### Data extracted from a collection

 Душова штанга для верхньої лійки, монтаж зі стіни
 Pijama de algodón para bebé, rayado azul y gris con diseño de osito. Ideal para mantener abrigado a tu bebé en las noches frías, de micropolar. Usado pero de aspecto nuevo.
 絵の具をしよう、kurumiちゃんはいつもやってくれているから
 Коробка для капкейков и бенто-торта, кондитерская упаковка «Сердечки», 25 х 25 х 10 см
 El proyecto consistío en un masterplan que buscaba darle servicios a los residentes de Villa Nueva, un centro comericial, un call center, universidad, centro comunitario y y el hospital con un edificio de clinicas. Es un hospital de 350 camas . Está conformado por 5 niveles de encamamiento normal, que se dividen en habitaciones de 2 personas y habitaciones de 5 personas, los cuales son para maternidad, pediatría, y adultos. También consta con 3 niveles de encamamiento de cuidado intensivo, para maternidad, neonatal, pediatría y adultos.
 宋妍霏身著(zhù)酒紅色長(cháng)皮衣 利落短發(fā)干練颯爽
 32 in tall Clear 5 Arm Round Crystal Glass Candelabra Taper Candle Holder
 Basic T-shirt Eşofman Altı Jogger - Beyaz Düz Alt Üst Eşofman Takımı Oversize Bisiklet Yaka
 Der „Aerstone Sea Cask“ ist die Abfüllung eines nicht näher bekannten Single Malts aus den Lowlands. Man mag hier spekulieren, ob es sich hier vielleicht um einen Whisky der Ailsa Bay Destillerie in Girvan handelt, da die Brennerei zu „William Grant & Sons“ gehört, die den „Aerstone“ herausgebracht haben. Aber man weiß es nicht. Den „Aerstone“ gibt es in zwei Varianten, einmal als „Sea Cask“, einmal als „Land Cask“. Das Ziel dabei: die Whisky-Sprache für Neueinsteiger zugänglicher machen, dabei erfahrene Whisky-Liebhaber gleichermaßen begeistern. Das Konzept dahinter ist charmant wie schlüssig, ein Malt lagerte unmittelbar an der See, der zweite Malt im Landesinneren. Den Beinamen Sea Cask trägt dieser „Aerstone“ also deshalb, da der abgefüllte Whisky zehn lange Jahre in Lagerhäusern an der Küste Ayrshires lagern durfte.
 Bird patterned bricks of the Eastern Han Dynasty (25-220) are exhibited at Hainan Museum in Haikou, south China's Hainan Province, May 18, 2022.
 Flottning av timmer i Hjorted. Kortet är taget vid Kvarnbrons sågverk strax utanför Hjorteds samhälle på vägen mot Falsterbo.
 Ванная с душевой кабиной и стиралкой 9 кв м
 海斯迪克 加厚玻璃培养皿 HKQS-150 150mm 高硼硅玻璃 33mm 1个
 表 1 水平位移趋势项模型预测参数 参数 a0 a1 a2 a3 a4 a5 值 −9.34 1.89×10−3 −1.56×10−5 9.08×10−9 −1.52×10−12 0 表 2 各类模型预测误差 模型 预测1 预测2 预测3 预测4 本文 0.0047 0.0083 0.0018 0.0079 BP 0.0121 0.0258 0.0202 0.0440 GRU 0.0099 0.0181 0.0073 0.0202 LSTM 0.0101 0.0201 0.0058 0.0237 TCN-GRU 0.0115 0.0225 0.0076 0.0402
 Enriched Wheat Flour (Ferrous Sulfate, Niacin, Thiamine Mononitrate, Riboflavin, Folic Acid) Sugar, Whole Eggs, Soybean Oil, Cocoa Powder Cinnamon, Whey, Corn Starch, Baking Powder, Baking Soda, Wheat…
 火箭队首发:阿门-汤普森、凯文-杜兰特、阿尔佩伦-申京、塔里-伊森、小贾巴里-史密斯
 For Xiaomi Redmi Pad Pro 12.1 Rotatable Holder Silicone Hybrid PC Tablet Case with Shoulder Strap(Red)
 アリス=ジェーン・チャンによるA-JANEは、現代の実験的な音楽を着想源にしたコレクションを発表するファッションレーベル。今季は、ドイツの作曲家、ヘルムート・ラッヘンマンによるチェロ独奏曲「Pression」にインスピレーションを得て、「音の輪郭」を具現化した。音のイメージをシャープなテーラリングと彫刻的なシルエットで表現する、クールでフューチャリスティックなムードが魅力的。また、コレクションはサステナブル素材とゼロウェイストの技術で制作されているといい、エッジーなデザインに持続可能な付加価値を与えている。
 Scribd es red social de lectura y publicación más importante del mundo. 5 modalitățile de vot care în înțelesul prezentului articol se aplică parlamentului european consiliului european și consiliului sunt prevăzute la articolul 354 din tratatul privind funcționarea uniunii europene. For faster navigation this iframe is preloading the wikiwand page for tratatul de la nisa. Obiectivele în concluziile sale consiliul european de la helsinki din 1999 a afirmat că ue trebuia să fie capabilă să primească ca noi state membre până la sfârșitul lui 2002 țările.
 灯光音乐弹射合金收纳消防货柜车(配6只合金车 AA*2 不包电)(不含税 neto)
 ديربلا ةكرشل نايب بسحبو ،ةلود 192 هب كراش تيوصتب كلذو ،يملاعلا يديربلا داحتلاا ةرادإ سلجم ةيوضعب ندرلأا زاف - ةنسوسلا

### Problem description
Set down every entry exactly as it appears.

### Response to this exercise
 Душова штанга для верхньої лійки, монтаж зі стіни
 Pijama de algodón para bebé, rayado azul y gris con diseño de osito. Ideal para mantener abrigado a tu bebé en las noches frías, de micropolar. Usado pero de aspecto nuevo.
 絵の具をしよう、kurumiちゃんはいつもやってくれているから
 Коробка для капкейков и бенто-торта, кондитерская упаковка «Сердечки», 25 х 25 х 10 см
 El proyecto consistío en un masterplan que buscaba darle servicios a los residentes de Villa Nueva, un centro comericial, un call center, universidad, centro comunitario y y el hospital con un edificio de clinicas. Es un hospital de 350 camas . Está conformado por 5 niveles de encamamiento normal, que se dividen en habitaciones de 2 personas y habitaciones de 5 personas, los cuales son para maternidad, pediatría, y adultos. También consta con 3 niveles de encamamiento de cuidado intensivo, para maternidad, neonatal, pediatría y adultos.
 宋妍霏身著(zhù)酒紅色長(cháng)皮衣 利落短發(fā)干練颯爽
 32 in tall Clear 5 Arm Round Crystal Glass Candelabra Taper Candle Holder
 Basic T-shirt Eşofman Altı Jogger - Beyaz Düz Alt Üst Eşofman Takımı Oversize Bisiklet Yaka
 Der „Aerstone Sea Cask“ ist die Abfüllung eines nicht näher bekannten Single Malts aus den Lowlands. Man mag hier spekulieren, ob es sich hier vielleicht um einen Whisky der Ailsa Bay Destillerie in Girvan handelt, da die Brennerei zu „William Grant & Sons“ gehört, die den „Aerstone“ herausgebracht haben. Aber man weiß es nicht. Den „Aerstone“ gibt es in zwei Varianten, einmal als „Sea Cask“, einmal als „Land Cask“. Das Ziel dabei: die Whisky-Sprache für Neueinsteiger zugänglicher machen, dabei erfahrene Whisky-Liebhaber gleichermaßen begeistern. Das Konzept dahinter ist charmant wie schlüssig, ein Malt lagerte unmittelbar an der See, der zweite Malt im Landesinneren. Den Beinamen Sea Cask trägt dieser „Aerstone“ also deshalb, da der abgefüllte Whisky zehn lange Jahre in Lagerhäusern an der Küste Ayrshires lagern durfte.
 Bird patterned bricks of the Eastern Han Dynasty (25-220) are exhibited at Hainan Museum in Haikou, south China's Hainan Province, May 18, 2022.
 Flottning av timmer i Hjorted. Kortet är taget vid Kvarnbrons sågverk strax utanför Hjorteds samhälle på vägen mot Falsterbo.
 Ванная с душевой кабиной и стиралкой 9 кв м
 海斯迪克 加厚玻璃培养皿 HKQS-150 150mm 高硼硅玻璃 33mm 1个
 表 1 水平位移趋势项模型预测参数 参数 a0 a1 a2 a3 a4 a5 值 −9.34 1.89×10−3 −1.56×10−5 9.08×10−9 −1.52×10−12 0 表 2 各类模型预测误差 模型 预测1 预测2 预测3 预测4 本文 0.0047 0.0083 0.0018 0.0079 BP 0.0121 0.0258 0.0202 0.0440 GRU 0.0099 0.0181 0.0073 0.0202 LSTM 0.0101 0.0201 0.0058 0.0237 TCN-GRU 0.0115 0.0225 0.0076 0.0402
 Enriched Wheat Flour (Ferrous Sulfate, Niacin, Thiamine Mononitrate, Riboflavin, Folic Acid) Sugar, Whole Eggs, Soybean Oil, Cocoa Powder Cinnamon, Whey, Corn Starch, Baking Powder, Baking Soda, Wheat…
 火箭队首发:阿门-汤普森、凯文-杜兰特、阿尔佩伦-申京、塔里-伊森、小贾巴里-史密斯
 For Xiaomi Redmi Pad Pro 12.1 Rotatable Holder Silicone Hybrid PC Tablet Case with Shoulder Strap(Red)
 アリス=ジェーン・チャンによるA-JANEは、現代の実験的な音楽を着想源にしたコレクションを発表するファッションレーベル。今季は、ドイツの作曲家、ヘルムート・ラッヘンマンによるチェロ独奏曲「Pression」にインスピレーションを得て、「音の輪郭」を具現化した。音のイメージをシャープなテーラリングと彫刻的なシルエットで表現する、クールでフューチャリスティックなムードが魅力的。また、コレクションはサステナブル素材とゼロウェイストの技術で制作されているといい、エッジーなデザインに持続可能な付加価値を与えている。
 Scribd es red social de lectura y publicación más importante del mundo. 5 modalitățile de vot care în înțelesul prezentului articol se aplică parlamentului european consiliului european și consiliului sunt prevăzute la articolul 354 din tratatul privind funcționarea uniunii europene. For faster navigation this iframe is preloading the wikiwand page for tratatul de la nisa. Obiectivele în concluziile sale consiliul european de la helsinki din 1999 a afirmat că ue trebuia să fie capabilă să primească ca noi state membre până la sfârșitul lui 2002 țările.
 灯光音乐弹射合金收纳消防货柜车(配6只合金车 AA*2 不包电)(不含税 neto)
 ديربلا ةكرشل نايب بسحبو ،ةلود 192 هب كراش تيوصتب كلذو ،يملاعلا يديربلا داحتلاا ةرادإ سلجم ةيوضعب ندرلأا زاف - ةنسوسلا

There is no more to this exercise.